**Try it:**
Starting from the line with "Учащиеся 5Д и" and going up to and including the line with "受到塞港出貨減少與下游庫存偏", copy the listing below exactly. Leave all images out.

**Provided data:**
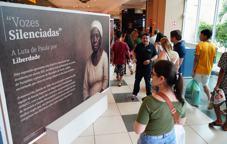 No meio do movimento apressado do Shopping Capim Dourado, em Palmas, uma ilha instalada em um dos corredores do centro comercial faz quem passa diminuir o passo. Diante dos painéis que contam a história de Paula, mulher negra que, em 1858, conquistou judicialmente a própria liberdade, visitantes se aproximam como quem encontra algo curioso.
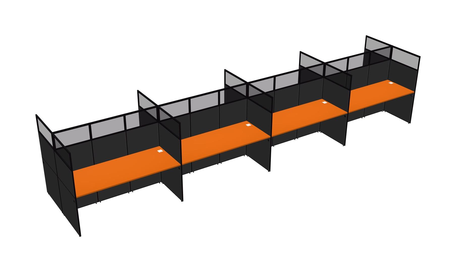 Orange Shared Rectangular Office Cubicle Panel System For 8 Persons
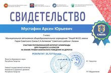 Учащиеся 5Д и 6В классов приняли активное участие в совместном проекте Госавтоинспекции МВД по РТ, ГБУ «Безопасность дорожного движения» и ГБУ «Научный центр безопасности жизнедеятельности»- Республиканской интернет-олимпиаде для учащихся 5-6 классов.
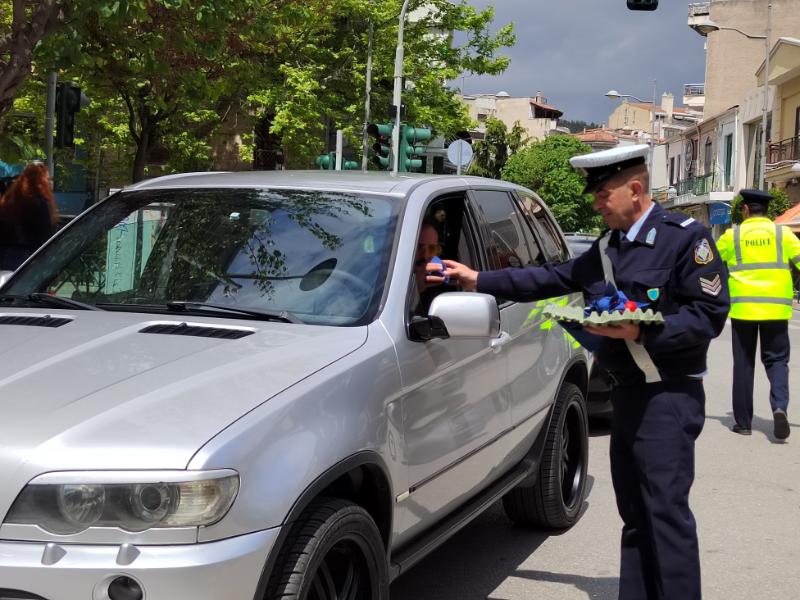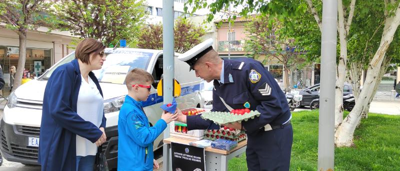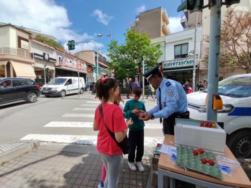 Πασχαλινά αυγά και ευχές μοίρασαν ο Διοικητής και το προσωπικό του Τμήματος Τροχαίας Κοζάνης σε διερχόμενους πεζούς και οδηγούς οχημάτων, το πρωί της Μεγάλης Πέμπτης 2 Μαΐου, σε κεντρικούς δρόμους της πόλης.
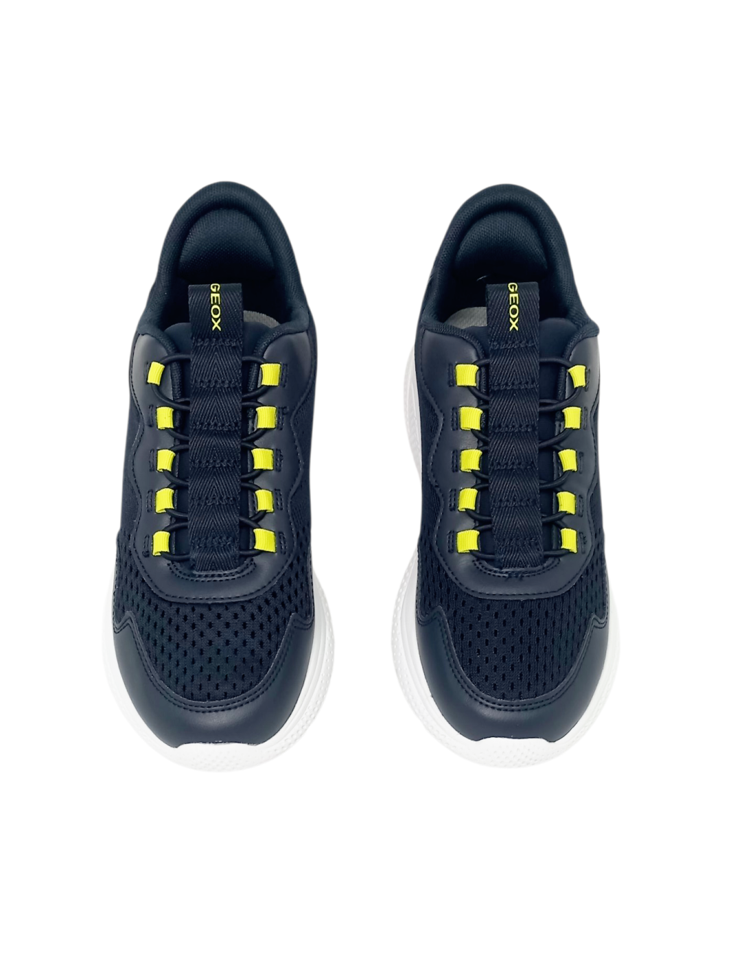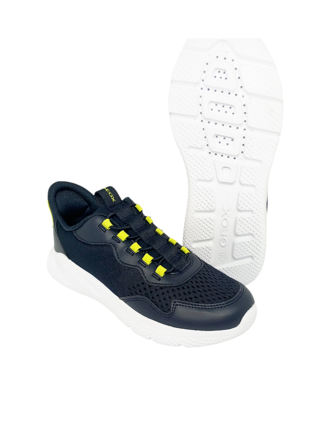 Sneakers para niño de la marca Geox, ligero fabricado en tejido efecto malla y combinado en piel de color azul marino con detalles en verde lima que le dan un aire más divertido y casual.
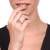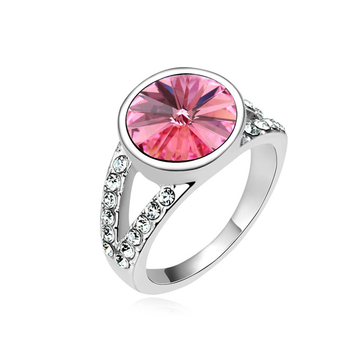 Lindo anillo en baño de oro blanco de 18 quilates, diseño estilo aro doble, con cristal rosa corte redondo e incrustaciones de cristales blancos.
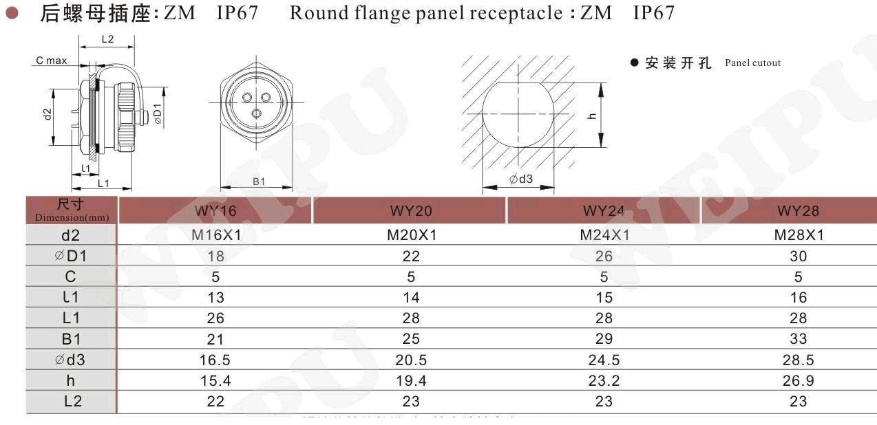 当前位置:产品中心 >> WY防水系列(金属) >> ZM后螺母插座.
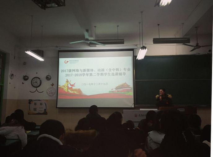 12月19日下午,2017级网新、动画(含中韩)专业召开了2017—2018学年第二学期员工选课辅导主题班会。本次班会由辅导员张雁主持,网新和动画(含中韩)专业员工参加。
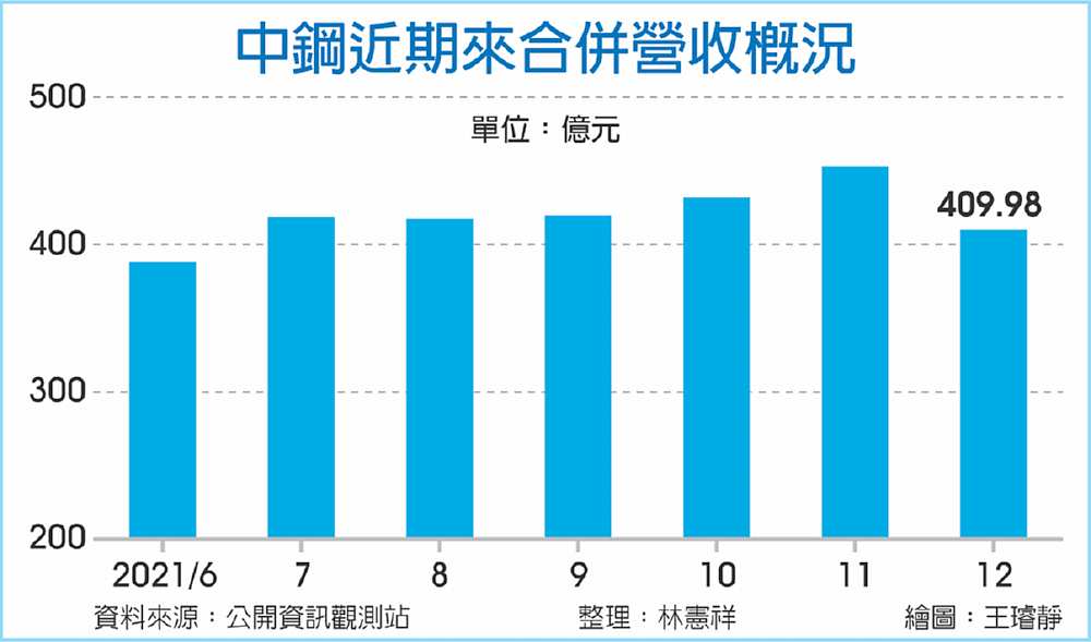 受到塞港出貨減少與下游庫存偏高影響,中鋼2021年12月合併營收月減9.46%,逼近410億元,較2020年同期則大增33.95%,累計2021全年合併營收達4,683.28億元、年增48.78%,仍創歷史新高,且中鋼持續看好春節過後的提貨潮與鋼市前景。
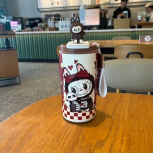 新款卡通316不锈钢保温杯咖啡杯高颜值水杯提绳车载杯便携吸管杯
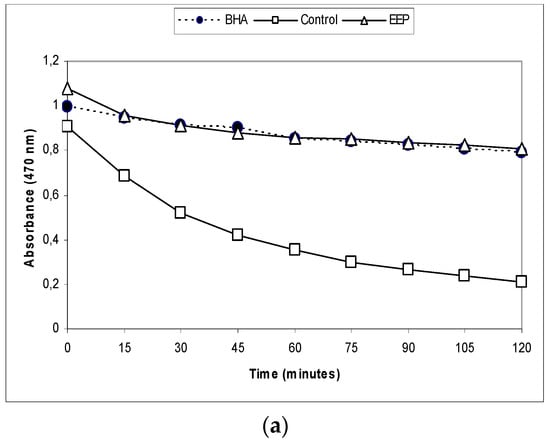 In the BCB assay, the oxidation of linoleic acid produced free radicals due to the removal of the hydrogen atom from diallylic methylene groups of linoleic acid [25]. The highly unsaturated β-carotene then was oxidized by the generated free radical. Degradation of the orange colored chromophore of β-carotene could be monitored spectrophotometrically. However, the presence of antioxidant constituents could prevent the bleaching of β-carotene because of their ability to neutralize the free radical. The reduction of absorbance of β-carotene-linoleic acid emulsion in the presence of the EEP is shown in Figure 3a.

**Answer to the exercise:**
 Учащиеся 5Д и 6В классов приняли активное участие в совместном проекте Госавтоинспекции МВД по РТ, ГБУ «Безопасность дорожного движения» и ГБУ «Научный центр безопасности жизнедеятельности»- Республиканской интернет-олимпиаде для учащихся 5-6 классов.
 Πασχαλινά αυγά και ευχές μοίρασαν ο Διοικητής και το προσωπικό του Τμήματος Τροχαίας Κοζάνης σε διερχόμενους πεζούς και οδηγούς οχημάτων, το πρωί της Μεγάλης Πέμπτης 2 Μαΐου, σε κεντρικούς δρόμους της πόλης.
 Sneakers para niño de la marca Geox, ligero fabricado en tejido efecto malla y combinado en piel de color azul marino con detalles en verde lima que le dan un aire más divertido y casual.
 Lindo anillo en baño de oro blanco de 18 quilates, diseño estilo aro doble, con cristal rosa corte redondo e incrustaciones de cristales blancos.
 当前位置:产品中心 >> WY防水系列(金属) >> ZM后螺母插座.
 12月19日下午,2017级网新、动画(含中韩)专业召开了2017—2018学年第二学期员工选课辅导主题班会。本次班会由辅导员张雁主持,网新和动画(含中韩)专业员工参加。
 受到塞港出貨減少與下游庫存偏高影響,中鋼2021年12月合併營收月減9.46%,逼近410億元,較2020年同期則大增33.95%,累計2021全年合併營收達4,683.28億元、年增48.78%,仍創歷史新高,且中鋼持續看好春節過後的提貨潮與鋼市前景。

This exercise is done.